***** RECORD EXTRACTS *****

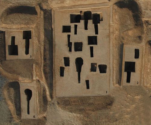 其中元代墓葬2座,因早年盗扰,除出土碎砖及白瓷残片外,墓室中没有发现任何遗物。清代墓葬16座,出土有黑釉瓷碗、双系带流黑釉瓷灯、盘式黑釉瓷灯、灰色板瓦、铜钱等100余件。该古墓群竖穴土坑墓8座,带墓道洞室墓8座,带墓道竖穴土圹墓2座。双人合葬墓11座,四人合葬墓1座,三人合葬墓1座,单人单葬墓1座,涉及二次迁葬墓4座。葬具多为木棺,葬式均仰身直肢葬,多数墓葬主人头骨下枕有板瓦,少数板瓦面上墨书“安魂镇墓大士指引”题记,并绘有朱丹咒符图纹。虽然发掘过程中没有发现有关祖属问题的直接文字材料,但根据墓葬结构和出土文物看,此墓地是一处清代平民家族墓地。
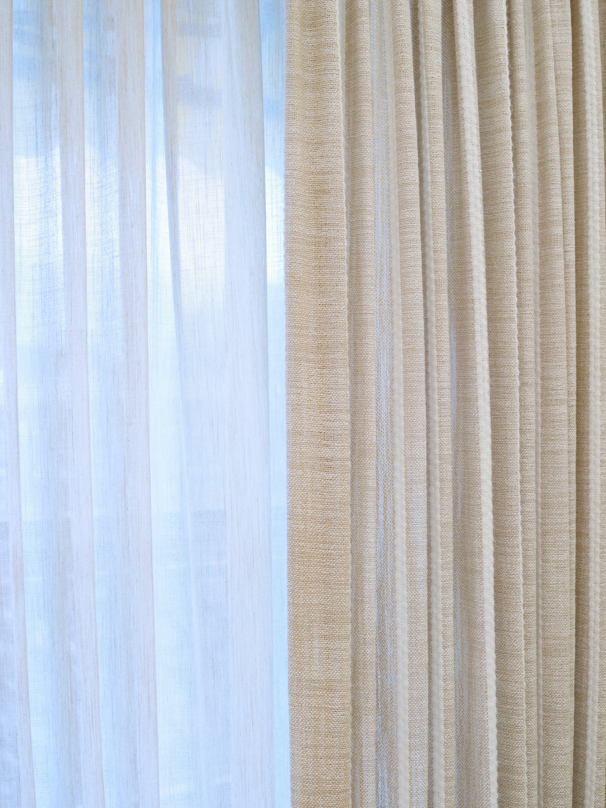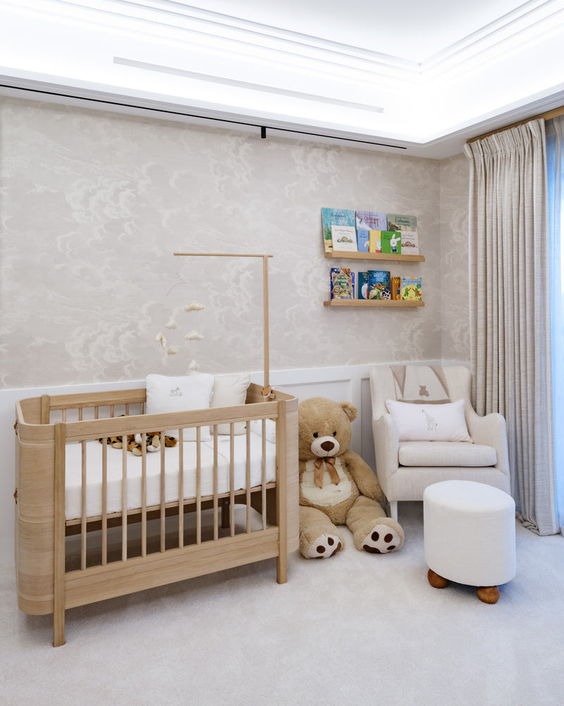 A plush wall-to-wall ivory carpet and sand-toned cloud wallpaper are elevated by crisp white panelling, giving the room a fresh, modern balance. Larsen wool curtains paired with Nobilis sheers soften the natural light, completing a space shaped for comfort and imagination—a small world where dreams begin to take flight.
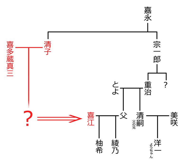 栗原:はい。まあ、実際に殺したのは慶太さんですが、彼を片淵家に紹介したのは喜江さんでしたよね。
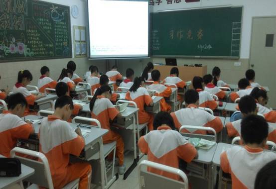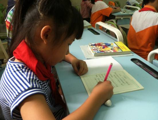 比赛现场孩子们表现出极大的热情:坐姿端正、握笔正确,认真思考,想象丰富,构思奇妙。赛后,从内容,结构,书写三个方面进行评比。
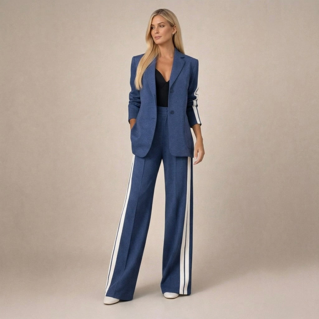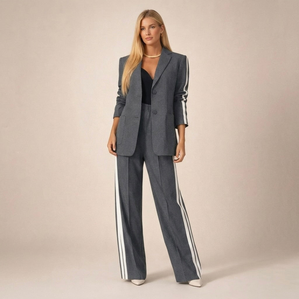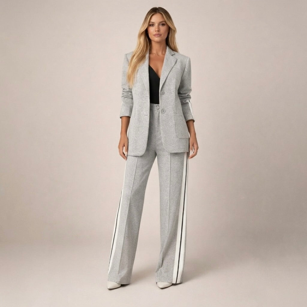 Ten elegancki komplet składa się z dopasowanej marynarki z klasycznymi klapami, pojedynczym zapięciem na guzik oraz praktycznymi kieszeniami z przodu. Spodnie mają prosty, wydłużający sylwetkę krój oraz wyraźny pasek biegnący wzdłuż nogawki. Całość tworzy harmonijny zestaw o dopracowanym kroju, który sprawdza się zarówno na co dzień, jak i podczas bardziej eleganckich okazji.

*****

TASK DESCRIPTION. Given the listing above, return exactly, and only, the lines from the line with "栗原:はい。まあ、実際に殺し" through its final line, both included, with the pictures removed.

TASK RESPONSE.
 栗原:はい。まあ、実際に殺したのは慶太さんですが、彼を片淵家に紹介したのは喜江さんでしたよね。
 比赛现场孩子们表现出极大的热情:坐姿端正、握笔正确,认真思考,想象丰富,构思奇妙。赛后,从内容,结构,书写三个方面进行评比。
 Ten elegancki komplet składa się z dopasowanej marynarki z klasycznymi klapami, pojedynczym zapięciem na guzik oraz praktycznymi kieszeniami z przodu. Spodnie mają prosty, wydłużający sylwetkę krój oraz wyraźny pasek biegnący wzdłuż nogawki. Całość tworzy harmonijny zestaw o dopracowanym kroju, który sprawdza się zarówno na co dzień, jak i podczas bardziej eleganckich okazji.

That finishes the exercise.